Data listing section start

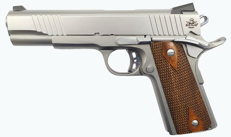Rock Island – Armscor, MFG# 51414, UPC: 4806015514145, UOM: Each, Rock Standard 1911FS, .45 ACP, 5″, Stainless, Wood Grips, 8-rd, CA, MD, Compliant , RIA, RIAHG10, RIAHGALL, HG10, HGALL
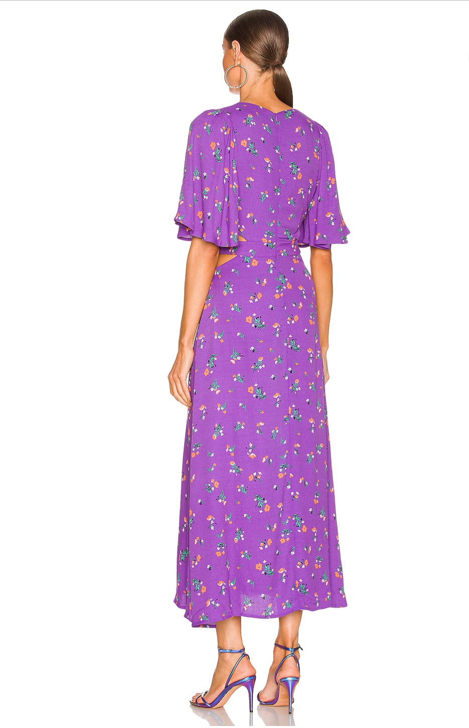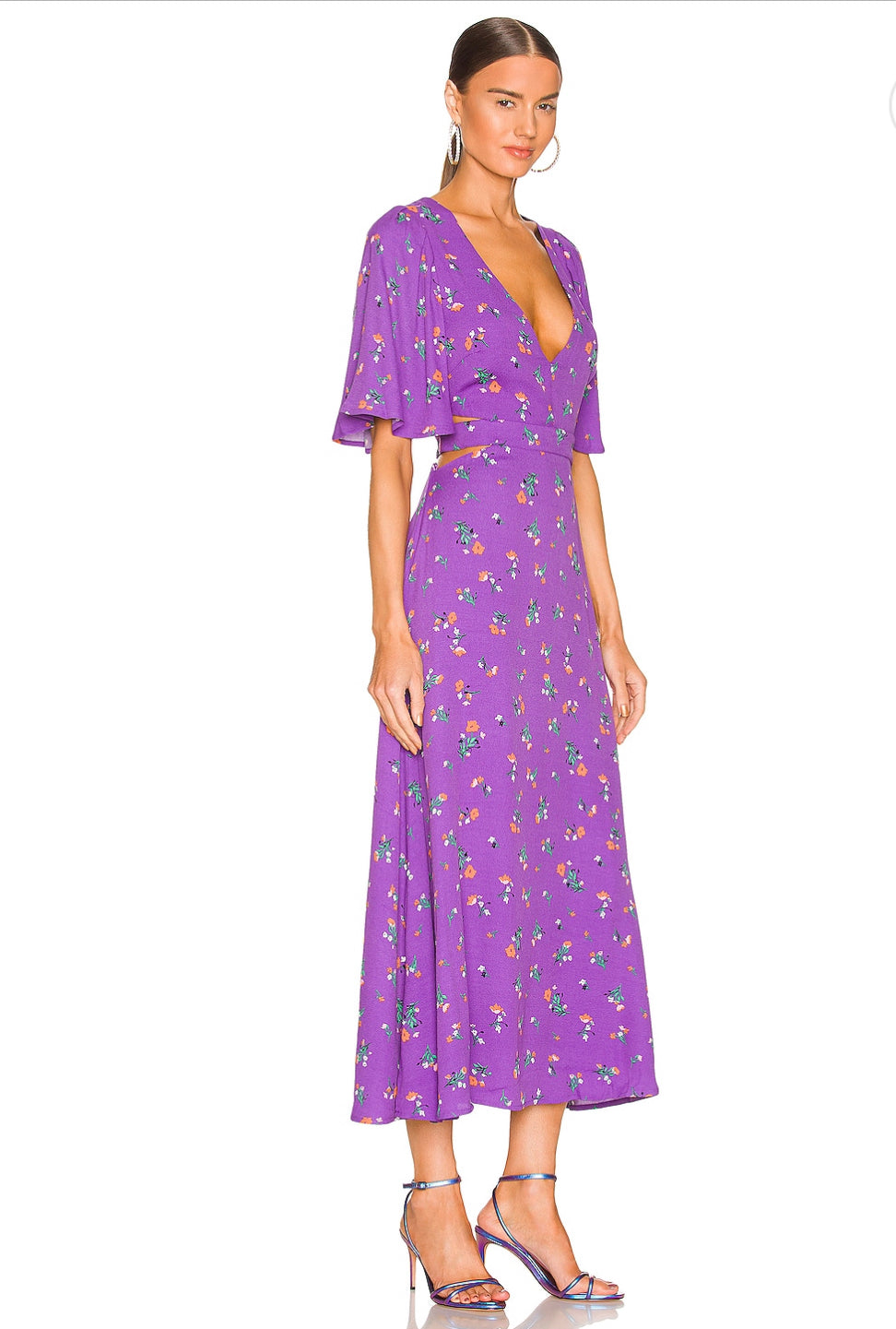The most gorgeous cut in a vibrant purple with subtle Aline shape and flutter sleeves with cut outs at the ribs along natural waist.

Data listing section end
Data listing section start

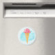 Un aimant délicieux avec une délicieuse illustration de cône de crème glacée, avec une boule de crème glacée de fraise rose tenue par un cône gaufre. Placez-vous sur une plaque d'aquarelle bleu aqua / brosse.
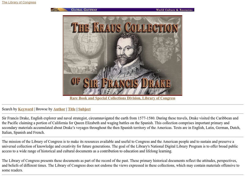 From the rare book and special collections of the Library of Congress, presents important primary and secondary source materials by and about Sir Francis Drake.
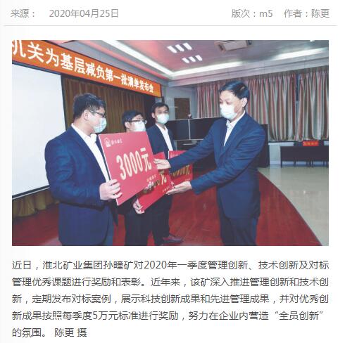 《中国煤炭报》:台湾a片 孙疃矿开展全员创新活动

Data listing section end

• [Exercise brief]
In the entries above, find the line with "Rock Island –" and the line with "The most gorgeous". Return exactly those lines and all the ones between them, pictures excluded.

• [Written response]
Rock Island – Armscor, MFG# 51414, UPC: 4806015514145, UOM: Each, Rock Standard 1911FS, .45 ACP, 5″, Stainless, Wood Grips, 8-rd, CA, MD, Compliant , RIA, RIAHG10, RIAHGALL, HG10, HGALL
The most gorgeous cut in a vibrant purple with subtle Aline shape and flutter sleeves with cut outs at the ribs along natural waist.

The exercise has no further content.